Last night on twitter:
I find this an odd response. When security professionals treat the word “terrorism” in a flippant manner, it devalues the seriousness of the word (which normally should evoke visions of car bombs in Times Square).
This is not the best PR for the security profession if they want to impress congress and grab more money.
Attaching the word to a publicly funded project run by a group of rather clever computer geeks evokes an image as far away from the Times Square car bomb as it is possible to get. Which scenario is more likely to screw more money out of congress: combating computer geeks or combating car bombs?
Security Professionals should smarten up and at least try to act as though they are serious minded individuals concerned with the “real” threats.
John R. Schindler: Professor of National Security Affairs at the U.S. Naval War College.
The Tor Project: sponsored by the Naval Research Laboratory from 2006 to 2010.

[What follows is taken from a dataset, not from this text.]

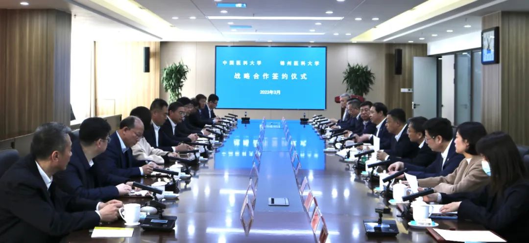 In order to jointly build a new collaborative education mode and achieve new breakthroughs in the innovative development of Jinzhou Medical University (JZMU),on March 9th, Wen Deliang, Secretary of the Party Committee of JZMU, led a team to China Medical University (CMU)to learn and exchange, and signed a strategic cooperation agreement with CMU. Gong Fuqing, Deputy Director of the Standing Committee of the Provincial People’s Congress and Secretary of the Party Committee of CMU, and Wang Zhenning, Vice-secretary of the Party Committee and President of CMU, attended the signing ceremony. Ding Weiguang, President and Vice-secretary of the Party Committee of JZMU, Qu Wei, Vice-secretary of the Party Committee, Zhang Lijuan, Vice-president and Standing Committee Member of the Party Committee, and administrators of relevant schools and departments of JZMU attended the ceremony.

(Currently sponsored by the US Department of State Bureau of Democracy, Human Rights, and Labor from 2013 to 2015.)
From Gen. Clapper on down, the spooks are insisting that Mr. Snowden took 1.7 million files/documents with him when he left Hawaii for Hong Kong.

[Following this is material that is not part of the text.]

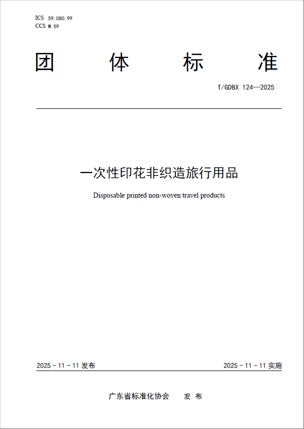 T/GDBX 124—2025 一次性印花非织造旅行用品 2025-11-11 09:51 来源: + 打印 【字体: 大 中 小 】 上一篇:T/GDBX 125—2025 传统香云纱服装 下一篇:T/GDBX 123—2025 窄带卫星天地一体化多媒体数据传输系统技术要求

Before that revelation, everyone thought the figure was closer to 58,000.
Shouldn’t the spooks have kept their 1.7 million figure classified and stuck with the 58,000 figure?

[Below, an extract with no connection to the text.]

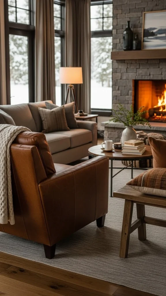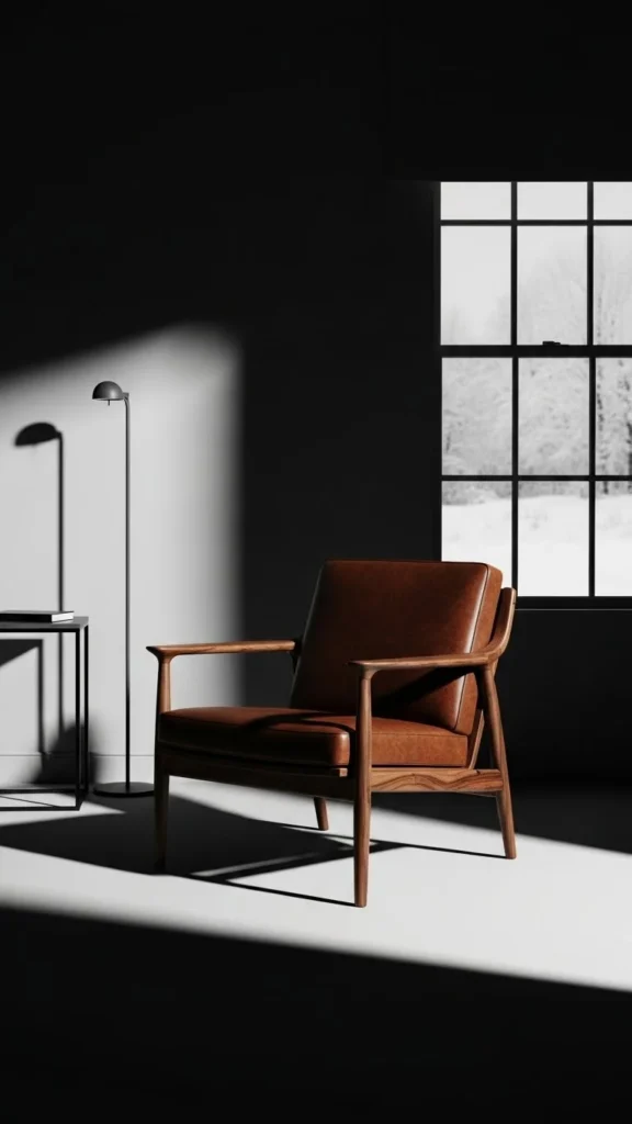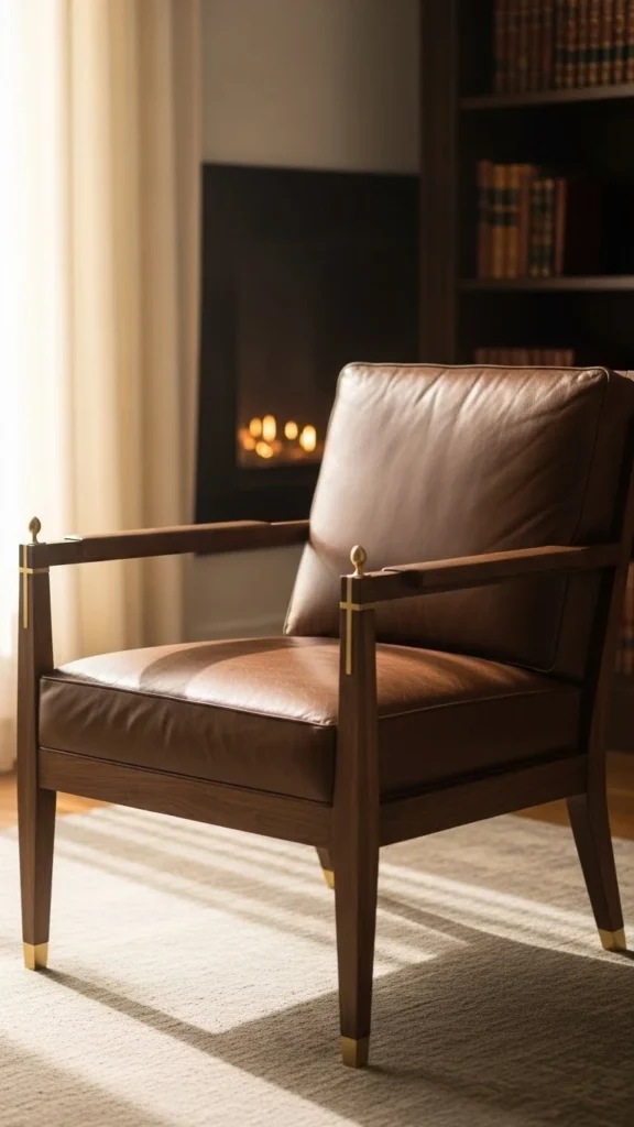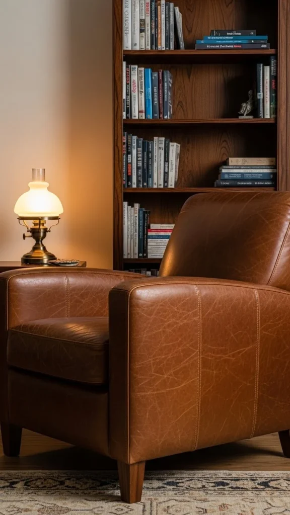 Position one near a floor lamp. Warm lighting highlights leather texture. Keep accessories minimal. A single side table is enough.

All it has done, releasing this stupendously large figure, is make poor Gen. Alexander look terrible. It speaks to his incompetence more clearly than anything I know. Certainly more than the 58,000 files did.
HE was the guy who let the files walk out the front door of the Hawaii exchange. He was in charge, he was supposed to be the man for the job, people looked up to him. Now he is deeply in the shit.
And it is not as though he did not have prior warning this might happen — Chelsea Manning demonstrated very, very clearly what happens when security is treated in a lackadaisical manner — he demonstrated it to the World! Yet somehow poor Gen. Alexander missed the significance of the message. Edward Snowden knew Alexander’s blind spot, that’s for sure.
Anyway, that’s why I think it would have been better for Gen. Alexander if everyone had kept their trap shut about the 1.7 million.